REQUIREMENT: In the entries below, begin at the line that has "眉山市区县高中学校25届高三一诊模拟联考 政治答案" and stop after the line that has "Orphaned Baby Zebra"; output those lines exactly, leaving out pictures.

▼▼▼

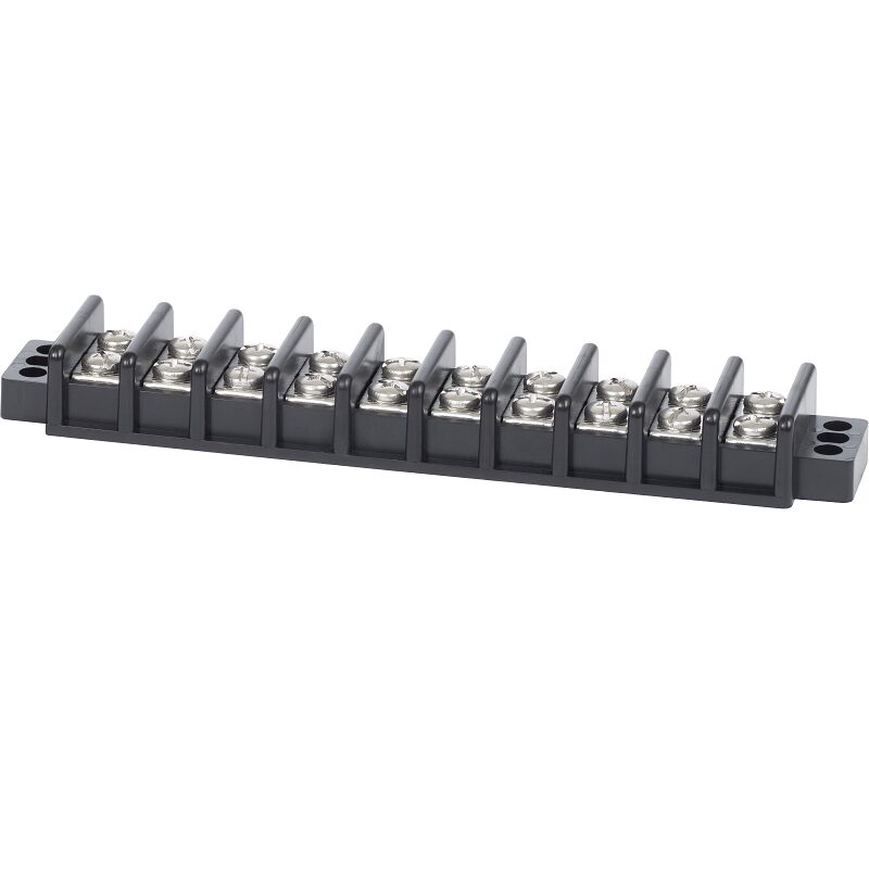 Blue Sea Terminal blok 30A met 10 circuits. Ontwerp met gesloten achterkant isoleert de stroom volledig van het montageoppervlak. Elk schroevenpaar is één geïsoleerd circuit.
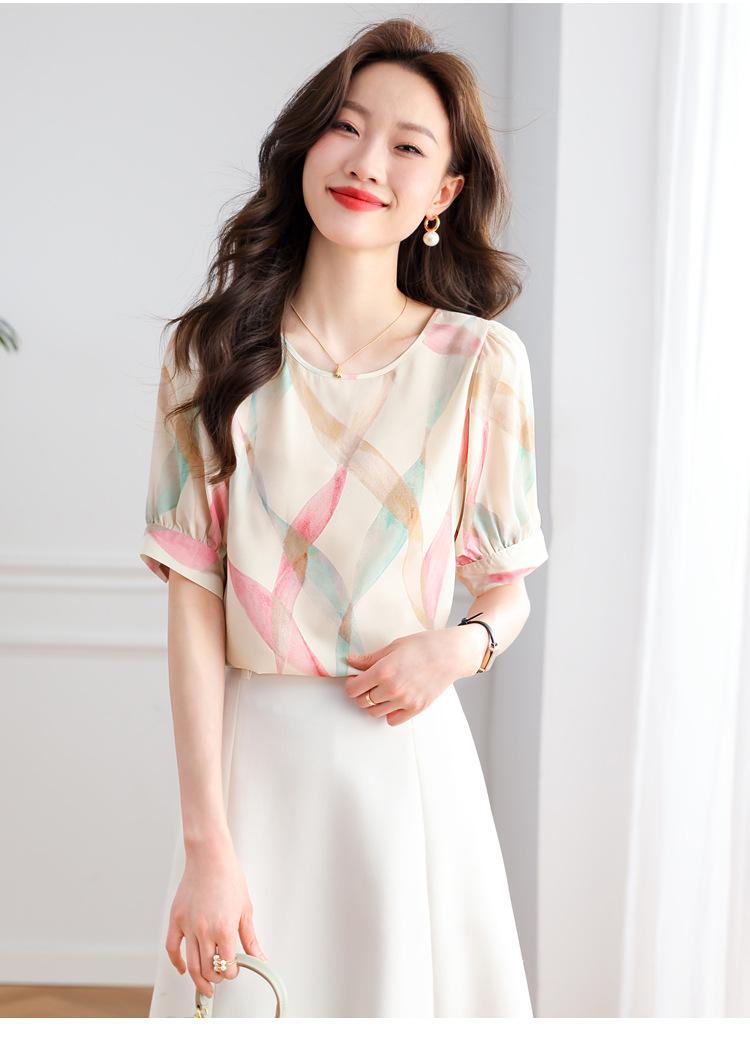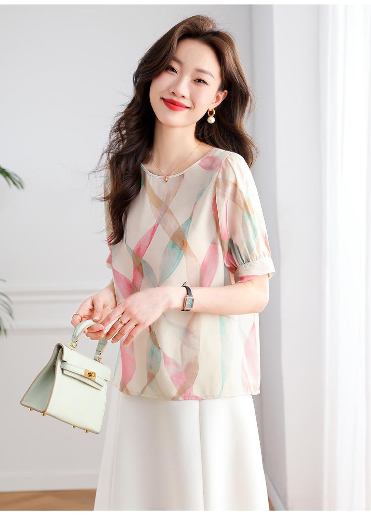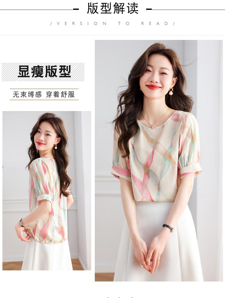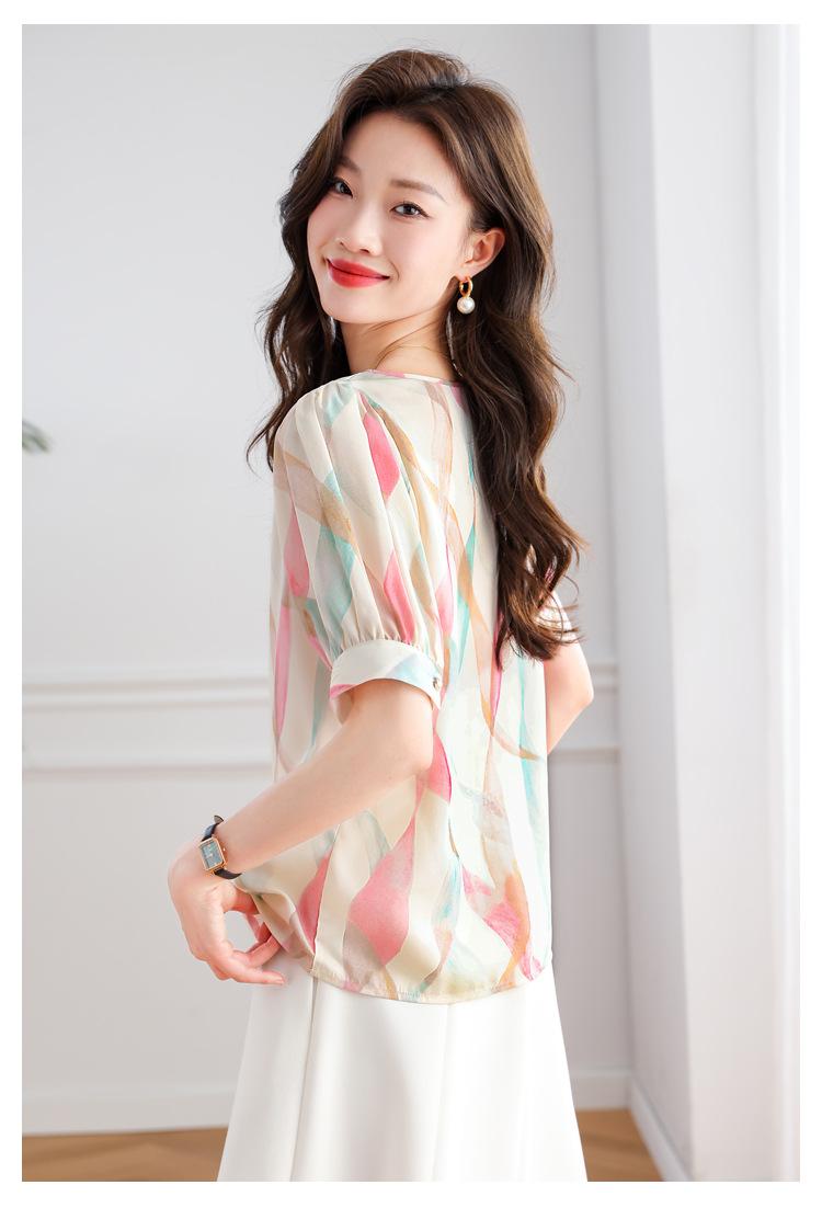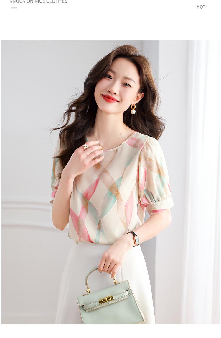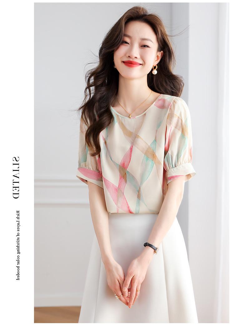 2025 Nuevo Estilo de Verano Camisa de Chifón Fina de Manga Corta para Mujer con Color Contrastante Elegante Camisita Pequeña Cuello Redondo Top Pulóver
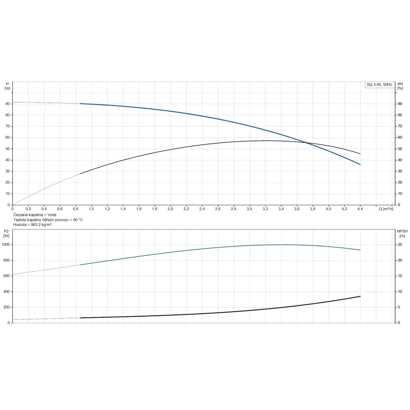Výkonné ponorné čerpadlo SQ 3-65 s jmenovitým průtokem 3 m³/h a dopravní výškou 70 m zajišťuje spolehlivé čerpání čisté vody. Díky jednofázovému motoru s permanentním magnetem dosahuje optimální účinnosti v širokém provozním rozsahu a nabízí komplexní ochranu proti nepříznivým provozním stavům.
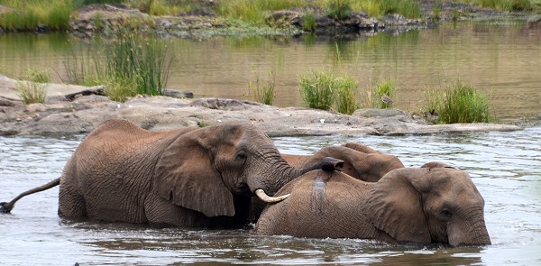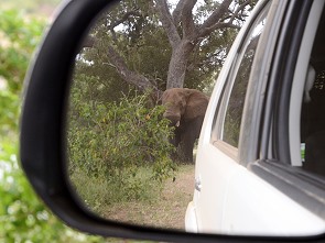 Am Ufer des Shingwedzi beobnachteten wir dann noch einige Elefanten auf der anderen Flusseite, in einer kleinen Sackgasse neben einem Aussichtspunkt stehend. Die männlichen Tiere überquerten dann den Fluss und wir beschlossen weiter zu fahren, bevor sie die Böschung zu uns hinauf erklommen hatten. In diesem Momant knackte es im Buschwerk etwas abseits unseres Standpunktes und ein riesiger Elefant taucht direkt vor uns aus einer Senke auf. Er war zwar noch halb nass von der Flussdurchquerung, hatte aber schon die ganze Zeit ganz nah bei uns im Grün gestanden. Er war viel zu nah um den Motor zu starten und rückwärts zu fahren. So blieben wir mit angehaltenem Atem stehen und bewegten uns so wenig wie möglich, ich traute mich auch nicht ein Foto zu machen, als er direkt neben unserem Auto stand. Dazu ist meine Nikon zu laut, das Bild oben zeigt das letzte Bild, bevor ich zur Salzsäule erstarrte. Nachdem er uns aus kleinen Augen eine Weile interessiert gemustert hatte, ging er gemächlich Vorbei, an den Büschen rupfend. Erst als er ausser Sichtweite war, trauten wir uns weg aus der Sackgasse.
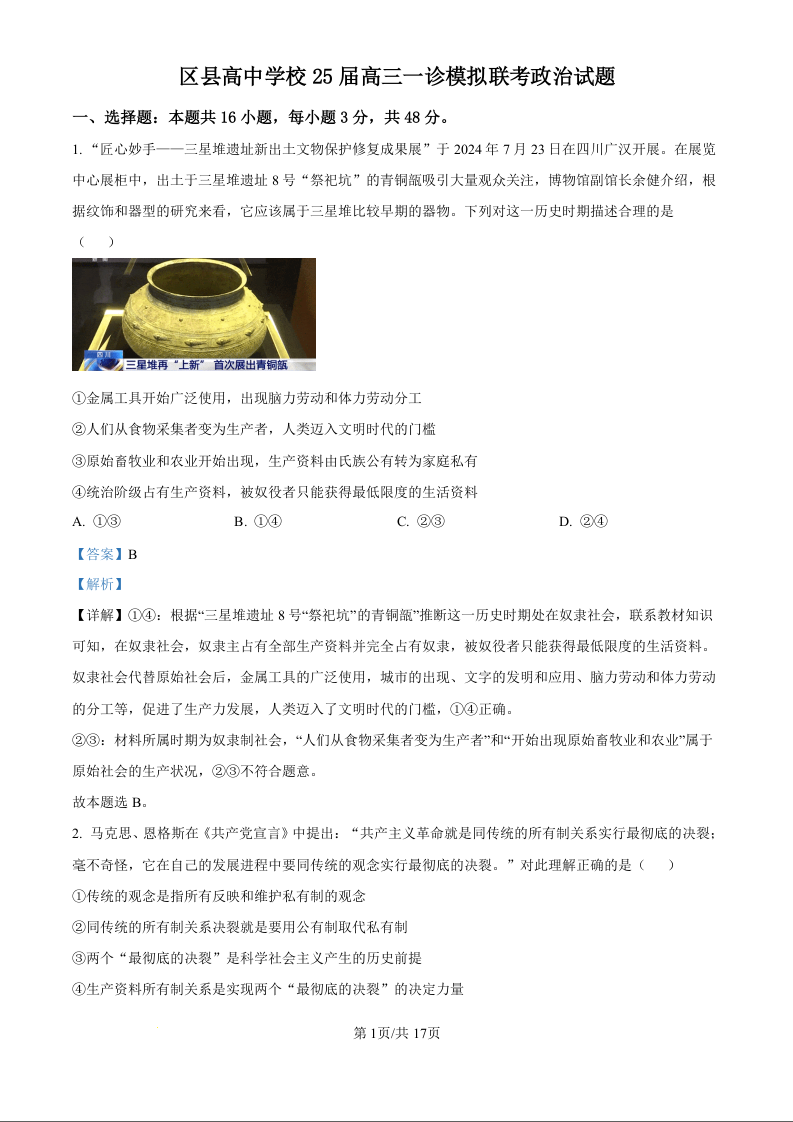 眉山市区县高中学校25届高三一诊模拟联考 政治答案
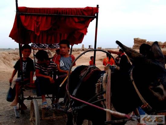 当年唐僧经过的火焰山是暗红色的。我们到达时正是傍晚,风吹在脸上烫烫的,导游说如果是中午,热得鞋底都会被烫坏。坐驴车观光高昌古城,好像时光倒流一样。古城的规模很大,房子都是用泥土建的,当地的土质坚硬又有粘性,所以经过一千五百年的风吹日嗮,还能保留下来。
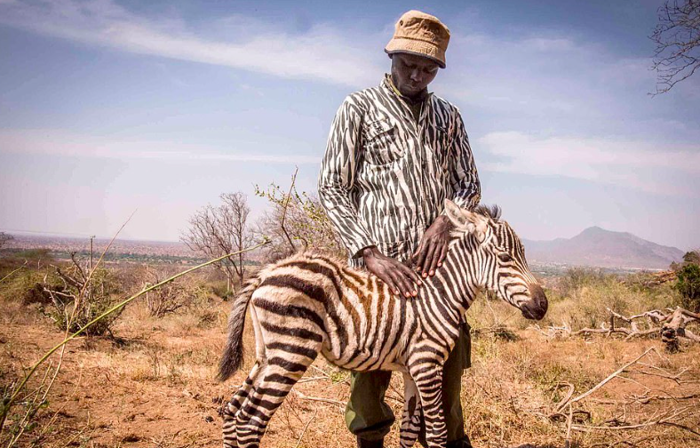 Orphaned Baby Zebra Cared For By Animal Conservationists Wearing Special Jackets
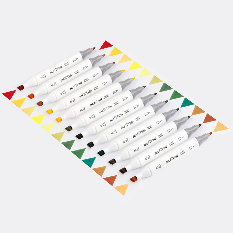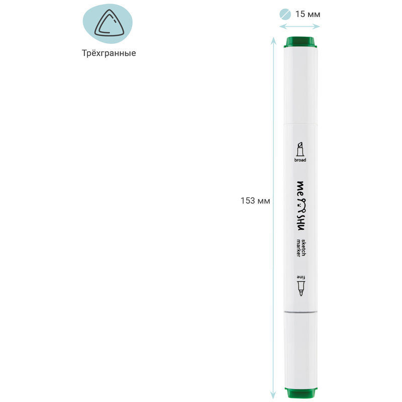 Набор двусторонних маркеров для скетчинга Meshu - идеальный выбор для художников, дизайнеров, иллюстраторов и любителей скетчинга, подходят для создания анимэ и манги. Эргономичный трехгранный корпус удобно лежит в руке и позволяет эффективно прорабатывать мелкие детали рисунка. Чернила на спиртовой основе - быстро высыхают, водостойкие, нетоксичны и не портят поверхность бумаги. Маркеры обладают пулевидным (2мм) и скошенным (6 мм) наконечниками, что позволяет прорабатывать как мелкие детали рисунка. так и закрашивать большие области.
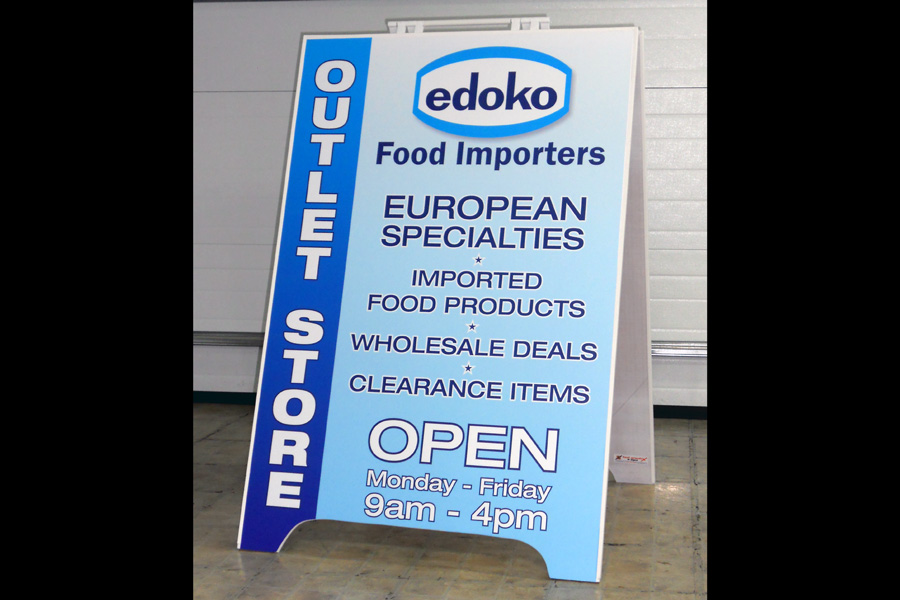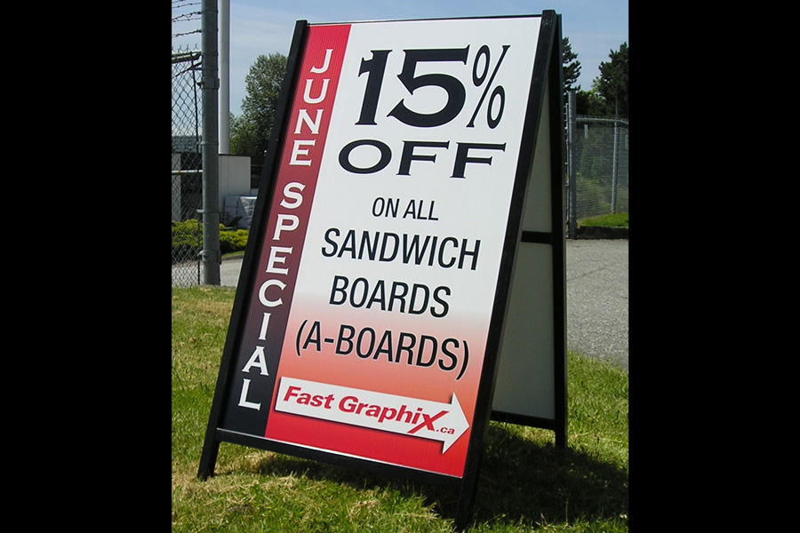 18"x 24" Plastic sandwich board, digital printed, gloss laminated.

▲▲▲

OUTPUT FOR THIS TASK:
 眉山市区县高中学校25届高三一诊模拟联考 政治答案
 当年唐僧经过的火焰山是暗红色的。我们到达时正是傍晚,风吹在脸上烫烫的,导游说如果是中午,热得鞋底都会被烫坏。坐驴车观光高昌古城,好像时光倒流一样。古城的规模很大,房子都是用泥土建的,当地的土质坚硬又有粘性,所以经过一千五百年的风吹日嗮,还能保留下来。
 Orphaned Baby Zebra Cared For By Animal Conservationists Wearing Special Jackets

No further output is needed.